In Seven Guns to Mesa, though, they are barely individuals. I had to work out painstakingly from the cast list who was who, and the writing (Miles Wylder of The Dukes of Hazzard and Get Smart fame and Mrs & Mrs director Dein) doesn’t put names in the dialogue, so you don’t really know who’s who, and there isn’t too much characterization to distinguish them. Oh well.

 

This was the first Western Edward Dein helmed. The following year he would do the so-bad-it’s-good vampire oater Curse of the Undead and a couple of episodes of Bronco and The Wild Wild West, but you wouldn’t really call him a Western expert.

 

No-good Burt is rough with Lola

 

It’s all done on studio sets with the odd Iverson Ranch location shot. It’s black & white of course and has a runtime of 69 minutes. In all honesty, you would miss little if you never saw this one. In 1958 Allied Artists were releasing Westerns which were maybe not major works of cinematic history but had goodish casts and half-decent budgets, pictures like Bullwhip, Quantrill’s Raiders and Cole Younger, Gunfighter (see our reviews in the index) but Seven Guns to Mesa wasn’t in this league. I won’t say it’s junk but well, great art it ain’t.

 

The Army lieutenant Mauritz Hugo) who fights the outlaws is a remarkable shot.
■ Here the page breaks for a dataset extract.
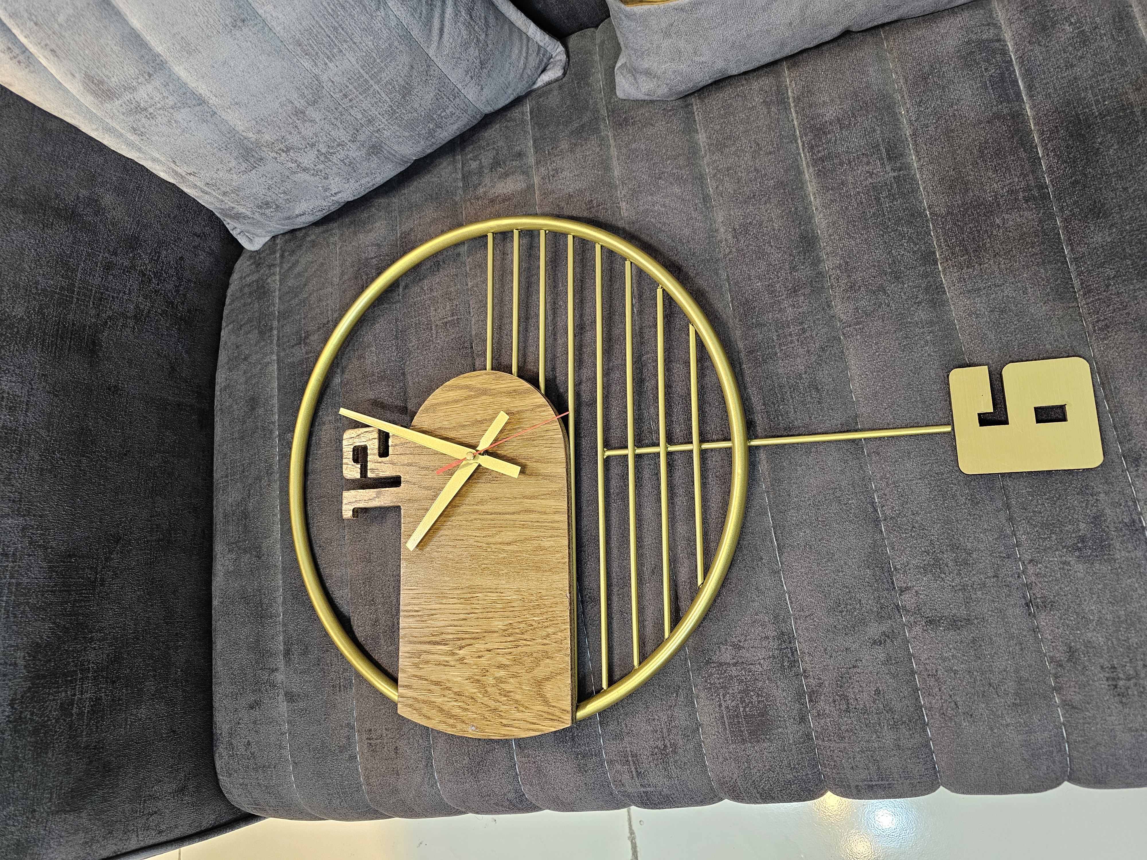 ین ساعت دیواری فلزی با طراحی منحصر به فرد و مینیمالیستی خود، فراتر از یک وسیله برای نمایش زمان است؛ اثری هنری است که به دیوار شما جلوهای خاص میبخشد. ساختار دایرهای دوبل به همراه خطوط متقاطع ظریف، عمق و شخصیت بصری دلنشینی ایجاد میکند.

With a pistol he hits two of the malefactors in the head at 500 yards.

 

 

 

2 Responses

  1. It could have been a good TV 50 minutes show but too much talking and limited set made me think more of a theatrical play, the villain in chief being the main assett of this enterprise as you underline it. The ghost town theme could bring you to write a ghostownoroma as well.